Posted by "Julien Nioche (JIRA)" <ji...@apache.org>.
    [ https://issues.apache.org/jira/browse/NUTCH-751?page=com.atlassian.jira.plugin.system.issuetabpanels:comment-tabpanel&focusedCommentId=12753175#action_12753175 ] 

Julien Nioche commented on NUTCH-751:
-------------------------------------

Thanks for the pointer Ken, what will be very useful when I start looking into this 

> Upgrade version of HttpClient 
> ------------------------------
>
>                 Key: NUTCH-751
>                 URL: https://issues.apache.org/jira/browse/NUTCH-751
>             Project: Nutch
>          Issue Type: Improvement
>          Components: fetcher
>            Reporter: Julien Nioche
>
> The existing version of commons http-client (3.01) should be replaced with the latest version from http://hc.apache.org/.
> Currently the only way of using the https protocol is to enable http-client. The version 3.01 is bugged and causes a lot of issues which have been reported before. Apparently the new version has been redesigned and should fix them. The old v3.01 is too unstable to be used on a large scale.
>  
> I will try to send a patch in the next couple of weeks but would love to hear your thoughts on this.
> J.

-- 
This message is automatically generated by JIRA.
-
You can reply to this email to add a comment to the issue online.


[jira] Commented: (NUTCH-751) Upgrade version of HttpClient

Posted by "Andrzej Bialecki (JIRA)" <ji...@apache.org>.
    [ https://issues.apache.org/jira/browse/NUTCH-751?page=com.atlassian.jira.plugin.system.issuetabpanels:comment-tabpanel&focusedCommentId=12751893#action_12751893 ] 

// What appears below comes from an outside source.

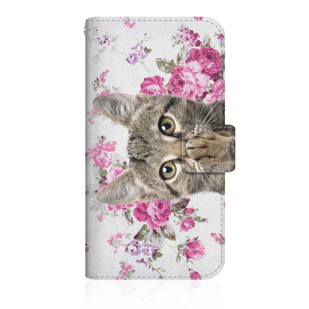 NYAGO POT-LX2J スリム手帳型ケース NYAGO ノート キュート 肉球をペロペロするにゃ〜。 サマー フラワー だにゃ〜。

Andrzej Bialecki  commented on NUTCH-751:
-----------------------------------------

In general, if new version of a third-party package doesn't cause regression then we should upgrade.

> Upgrade version of HttpClient 
> ------------------------------
>
>                 Key: NUTCH-751
>                 URL: https://issues.apache.org/jira/browse/NUTCH-751
>             Project: Nutch
>          Issue Type: Improvement
>          Components: fetcher
>            Reporter: Julien Nioche
>
> The existing version of commons http-client (3.01) should be replaced with the latest version from http://hc.apache.org/.
> Currently the only way of using the https protocol is to enable http-client. The version 3.01 is bugged and causes a lot of issues which have been reported before. Apparently the new version has been redesigned and should fix them. The old v3.01 is too unstable to be used on a large scale.
>  
> I will try to send a patch in the next couple of weeks but would love to hear your thoughts on this.
> J.

-- 
This message is automatically generated by JIRA.
-
You can reply to this email to add a comment to the issue online.


[jira] Resolved: (NUTCH-751) Upgrade version of HttpClient

Posted by "Julien Nioche (JIRA)" <ji...@apache.org>.
     [ https://issues.apache.org/jira/browse/NUTCH-751?page=com.atlassian.jira.plugin.system.issuetabpanels:all-tabpanel ]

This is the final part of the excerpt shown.